### Information provided
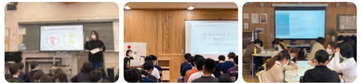
山鹿市鹿北小学校 熊本工業高校 (定時制) 児童養護施設 愛隣園

●提供先一覧 【小学校】七城小学校 / 北川福小学校 (佐賀県) / 七城小学校 / 津森小学校 / 山鹿市立鹿北小学校 / 八千把小学校 【中学校】益城町立益城中学校/砥用中学校/山鹿市鹿本中学校 / ルーテル学院中学校 【高校】熊本県立八代工業高等学校 (定時制)/熊本県立熊本農業高校/熊本県立 熊本工業高校(定時制)/熊本県立甲佐高等学校/熊本県立八代工業高等学校/熊本 県立天草高等学校 (全日制)/かもと稲田支援学校高等部 【大学・専門学校】学校法人滋慶学園 福岡ウェディング&ホテル・IR 専門学校 / 立命館大学みらいゼミ 【職員・保護者】七城小学校 / 画図小学校 / 月出小学校 PTA / 西合志東小学校 PTA / 健軍小学校 PTA / 津森小学校 / 熊本県養護協議会ケアワーカー部会 / 菊陽町養護教諭部会 / 児童養護施設 愛隣園 / 北合志保育園 / 男女共同参画セ ンターはあもにい 【その他・施設】ハンズハンズ / 縁側 moyai / よかボス「くまもとスタイル」 推進事業推進セミナー
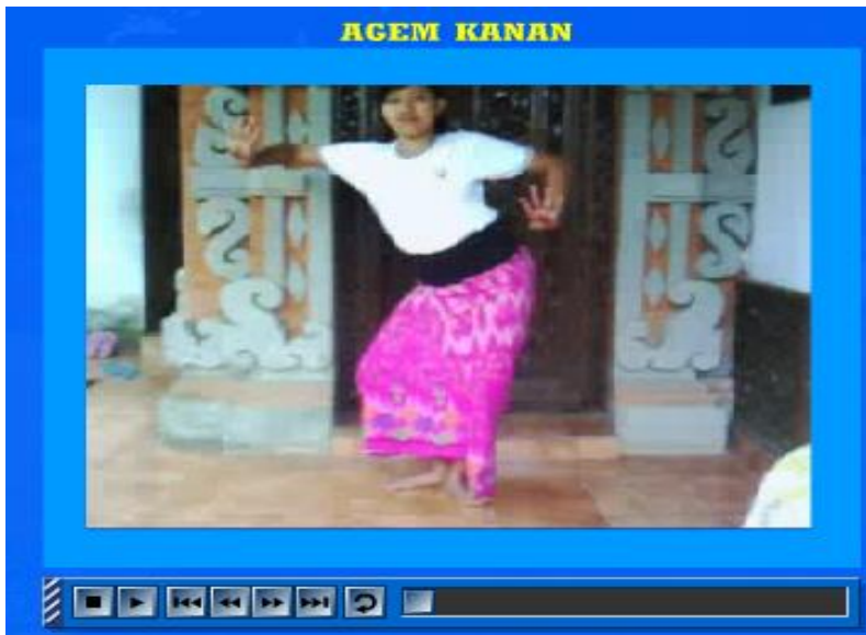
Gambar 4. Tampilan Menu Gerakan Agem Kanan
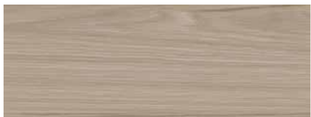
weissbach eiche / weissbach oak / chêne de weissbach
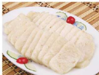
031 鱼饼 5.00 € /份 Pastel de pescado
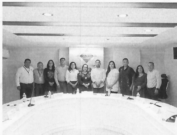
Sorteo del Parlamento Juvenil 2025, 06 de noviembre de 2025.

### What you should do
The response should consist of the lines above from the first through the one containing "031 鱼饼 5.00 € /份 Pastel de pescado", transcribed exactly, with every picture left out.

### Response area
山鹿市鹿北小学校 熊本工業高校 (定時制) 児童養護施設 愛隣園

●提供先一覧 【小学校】七城小学校 / 北川福小学校 (佐賀県) / 七城小学校 / 津森小学校 / 山鹿市立鹿北小学校 / 八千把小学校 【中学校】益城町立益城中学校/砥用中学校/山鹿市鹿本中学校 / ルーテル学院中学校 【高校】熊本県立八代工業高等学校 (定時制)/熊本県立熊本農業高校/熊本県立 熊本工業高校(定時制)/熊本県立甲佐高等学校/熊本県立八代工業高等学校/熊本 県立天草高等学校 (全日制)/かもと稲田支援学校高等部 【大学・専門学校】学校法人滋慶学園 福岡ウェディング&ホテル・IR 専門学校 / 立命館大学みらいゼミ 【職員・保護者】七城小学校 / 画図小学校 / 月出小学校 PTA / 西合志東小学校 PTA / 健軍小学校 PTA / 津森小学校 / 熊本県養護協議会ケアワーカー部会 / 菊陽町養護教諭部会 / 児童養護施設 愛隣園 / 北合志保育園 / 男女共同参画セ ンターはあもにい 【その他・施設】ハンズハンズ / 縁側 moyai / よかボス「くまもとスタイル」 推進事業推進セミナー
Gambar 4. Tampilan Menu Gerakan Agem Kanan
weissbach eiche / weissbach oak / chêne de weissbach
031 鱼饼 5.00 € /份 Pastel de pescado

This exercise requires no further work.